Comparison of interest rates on loans

Obviously, borrowing money does not come for free. Interest rates are the way lenders express to a borrower how much it will cost them to borrow a specific amount of money over a given period. The interest rates available to you have the greatest impact on your ability to save, so always make sure you are comfortable with the interest rate offered before accepting an offer of interest. ready. When comparing interest rates, be sure to look at both the stated interest rate and the annual percentage rate of charge (APR). This will help you determine what loan and what loan will help you save more money if it is one of your goals.

Comparison of loan conditions

After the interest rate, the duration of the loan is the second most important factor in determining how much your loan will cost you. In other words, the more time you need to repay a loan (the more time you have), the more interest you pay and the higher the overall cost of your loan. If you choose a lender that offers you a shorter term, your loan payments will be larger. Know that even if it will save you money in the long run, you will be more restricted monthly. So, it is important that you choose a lender based on your specific needs. The best loan for you may not be the best for another consumer.

Mortgage conditions

If you are looking for a mortgage, the offer you will receive will usually be 5 to 10 years. At the end of this period, you will need to meet with your lender and discuss your mortgage contract. The total time needed to pay off the mortgage is called an amortization period. In Canada, the maximum amortization period is 35 years, but you can, of course, choose a shorter amortization period to pay off your loan faster while saving money on interest.

Compare loan fees

If you are looking to apply for a mortgage, you will have to pay several fees as well as closing costs.
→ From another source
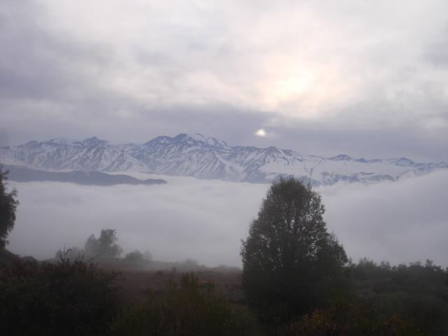 Una miradita al grupo del Plomo. El sol apenas alumbra detrás de las nubes.

You can not work around them. However, if you are applying for a personal loan, you must be aware that there are crooks who are trying to defraud Canadian workers by charging them illegal fees, loan insurance and asking for upfront payments.
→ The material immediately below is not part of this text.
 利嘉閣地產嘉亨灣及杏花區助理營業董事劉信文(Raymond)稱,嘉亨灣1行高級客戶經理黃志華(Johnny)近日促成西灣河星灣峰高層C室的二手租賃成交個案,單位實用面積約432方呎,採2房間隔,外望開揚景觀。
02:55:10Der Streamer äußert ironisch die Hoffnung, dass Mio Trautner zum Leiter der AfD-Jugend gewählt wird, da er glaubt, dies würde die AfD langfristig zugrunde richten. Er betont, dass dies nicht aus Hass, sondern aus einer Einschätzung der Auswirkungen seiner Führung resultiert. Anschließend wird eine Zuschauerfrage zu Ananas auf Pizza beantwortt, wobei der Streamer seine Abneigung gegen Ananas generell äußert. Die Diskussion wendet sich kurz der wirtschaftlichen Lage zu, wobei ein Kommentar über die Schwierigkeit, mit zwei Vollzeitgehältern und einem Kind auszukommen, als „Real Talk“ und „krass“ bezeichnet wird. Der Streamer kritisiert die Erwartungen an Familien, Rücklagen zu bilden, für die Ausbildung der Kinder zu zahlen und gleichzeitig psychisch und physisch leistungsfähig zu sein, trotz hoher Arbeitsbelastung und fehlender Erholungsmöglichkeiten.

Comparison of repayment schedules

For all your bills, it is likely that you only need to make a monthly payment. But when it comes to loans, there are several options available to you.

  • Monthly payments, when you make a payment per month.
  • Twice a month, where you make two payments a month. Usually in the middle and at the end of the month.
  • Weekly, where you make a payment per week.
  • Every two weeks, when you make a payment every two weeks. This option is different from paying twice a month because you will end up making 2 extra payments in one year and pay off your loan faster.

Compare the overall cost of the loan

The factors above will affect the overall cost of your loan. So when you compare your loan offers, make sure you take all of that into consideration, especially if you are looking to save money.

Step 3: Negotiate

<strong>Step 3: Negotiate</strong>

The third step to take is negotiation. Be aware that this is not always an option to negotiate, as some lenders are unable to modify the offers they offer to potential borrowers. Your best solution is to simply ask if the offer they have provided you with is the best deal possible.

If your lender does not want or can not negotiate on part of your loan offer, consider asking if there is anything you could work on to get a better deal, for example:

  • Improve your credit rating
  • Pay other debts
  • Get a co-signer
  • Ask for another type of loan that is smaller or different
  • Provide guarantees

Taking control of your finances is always in your best interest, so do what you need to do to get the loan offer you want and deserve.

How can we help you find the best lender

<strong>How can we help you find the best lender</strong>

We understand that not everyone has the time to compare several loan offers, but we can help you. Our loan referral system can get you in touch with a lender in your area who fits all your requirements.